Socialist alternative needed to sectarian politics
Overall the elections were yet another sectarian headcount. The key issues affecting the majority of people, such as unemployment, public services and water charges were ignored. Even the mainstream political pundits struggled to whip up any interest in the election. There was no enthusiasm for any of the parties. Overall turnout in Northern Ireland was just 57.6% – the lowest of all the UK by a long distance. There is a growing political vacuum in the North. At a recent protest against the closure of A&E services at Mid-Ulster hospital, all the local politicians, including Deputy First Minster Martin McGuinness who was elected with 52% of the vote, were heckled by the large crowd. Socialist Party members spoke at the protest and intervened to accuse the politicians who had turned up of pure hypocrisy since it was they who were carrying out the cuts, received lots of applause.
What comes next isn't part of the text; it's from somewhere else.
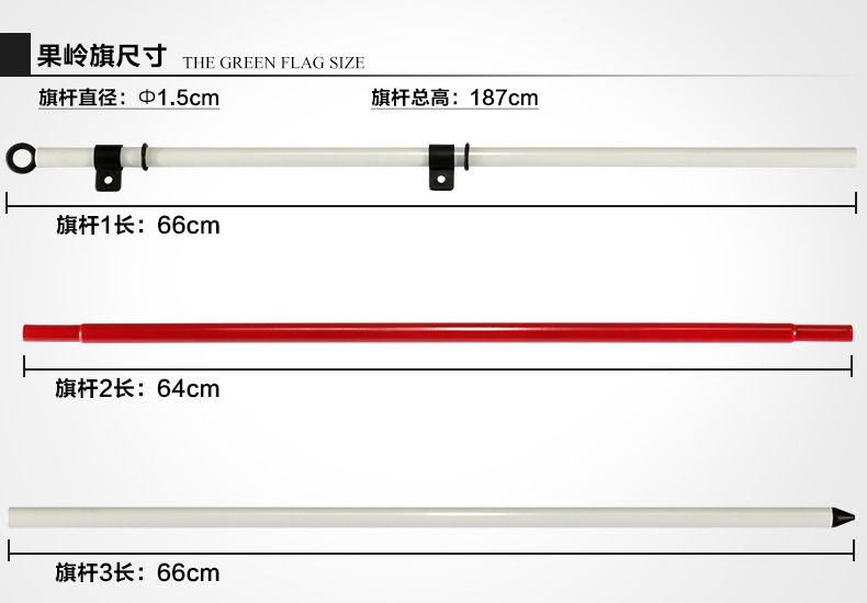 - 3 thanh cột cờ gắn nối tiếp, 1 cờ đỏ green flag

This is a small but important example of how a socialist alternative, which can unite working class and poor people against the Tory policies of the sectarian parties, can begin to gain support. It is likely the £400m cuts already announced this year will lead to more protests and campaigns to defend services. The trade unions have a responsibility to break their cosy ties with the Assembly parties and begin to build a political alternative which unites workers and young people across the North in opposition to the cuts of all the parties in the Executive and puts forward a clear socialist alternative to capitalism and sectarianism.